» Work task:
Copy the entries below verbatim, omitting any pictures they contain.

(Extracted records)
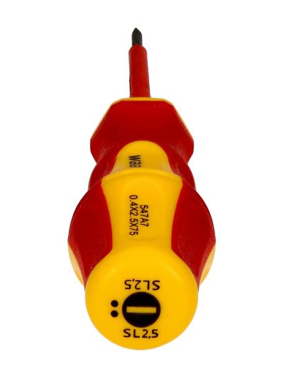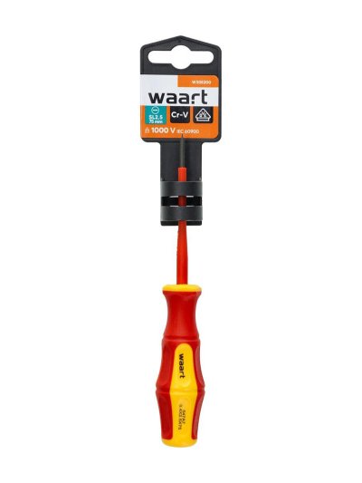 Skrutkovač je vyrobený z kvalitnej CrV ocele, čo zaručuje jeho pevnosť a odolnosť. Vďaka VDE certifikácii je zaistené bezpečné použitie pri práci na elektrických zariadeniach do 1000 V (1 kV). Plochý izolovaný skrutkovač. Tento plochý elektrotechnický skrutkovač je nástroj s plochou čepeľou určený na prácu s elektrickými súčasťami. Plochá čepeľ sa používa na manipuláciu a uťahovanie skrutiek s drážkovými otvormi, teda plochých skrutiek. Skrutkovač je vybavený izolovanou rukoväťou z materiálu, ktorý zaisťuje elektrickú izoláciu a chráni užívateľov pred úrazom elektrickým prúdom, pričom umožňuje bezpečné uchopenie. Elektrické skrutkovače sa široko používajú pri práci s rôznymi elektrickými komponentmi, ako sú elektrické zásuvky, spínače, dosky plošných spojov, káble a ďalšie podobné súčasti.
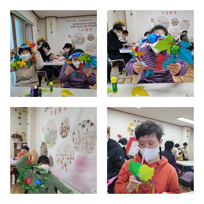미술활동, 옷걸이를 이용한 리스만들기 활동 진행하였습니다.
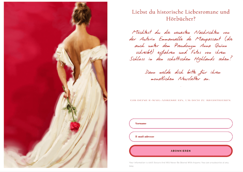 Bekannt ist Emmanuelle auch für die leidenschaftliche historische Liebesromanreihe »Verrucht«, die sie unter dem Pseudonym Anna Quinn schreibt.
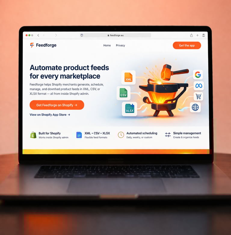 Feedforge automates product feed creation for Shopify stores.
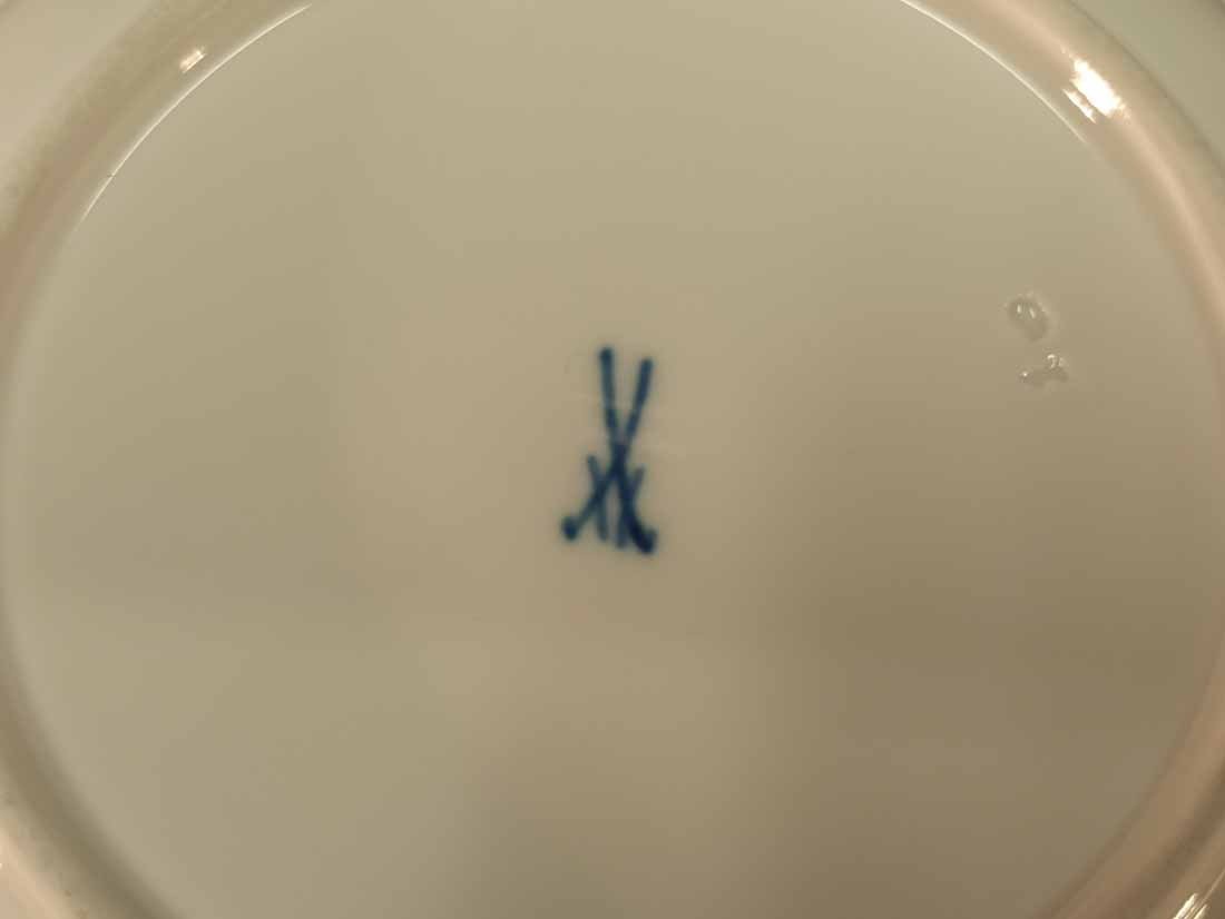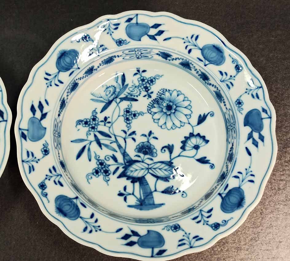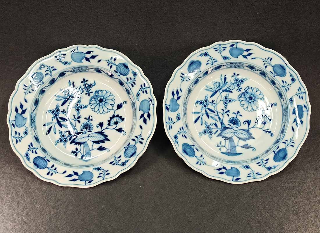 Meissen, 2x tiefe Teller, Suppenteller alte Teller vor 1880, Knaufschwerter. Sehr guter Zustand, D. 24 cm.

» Response to this task:
 Skrutkovač je vyrobený z kvalitnej CrV ocele, čo zaručuje jeho pevnosť a odolnosť. Vďaka VDE certifikácii je zaistené bezpečné použitie pri práci na elektrických zariadeniach do 1000 V (1 kV). Plochý izolovaný skrutkovač. Tento plochý elektrotechnický skrutkovač je nástroj s plochou čepeľou určený na prácu s elektrickými súčasťami. Plochá čepeľ sa používa na manipuláciu a uťahovanie skrutiek s drážkovými otvormi, teda plochých skrutiek. Skrutkovač je vybavený izolovanou rukoväťou z materiálu, ktorý zaisťuje elektrickú izoláciu a chráni užívateľov pred úrazom elektrickým prúdom, pričom umožňuje bezpečné uchopenie. Elektrické skrutkovače sa široko používajú pri práci s rôznymi elektrickými komponentmi, ako sú elektrické zásuvky, spínače, dosky plošných spojov, káble a ďalšie podobné súčasti.
미술활동, 옷걸이를 이용한 리스만들기 활동 진행하였습니다.
 Bekannt ist Emmanuelle auch für die leidenschaftliche historische Liebesromanreihe »Verrucht«, die sie unter dem Pseudonym Anna Quinn schreibt.
 Feedforge automates product feed creation for Shopify stores.
 Meissen, 2x tiefe Teller, Suppenteller alte Teller vor 1880, Knaufschwerter. Sehr guter Zustand, D. 24 cm.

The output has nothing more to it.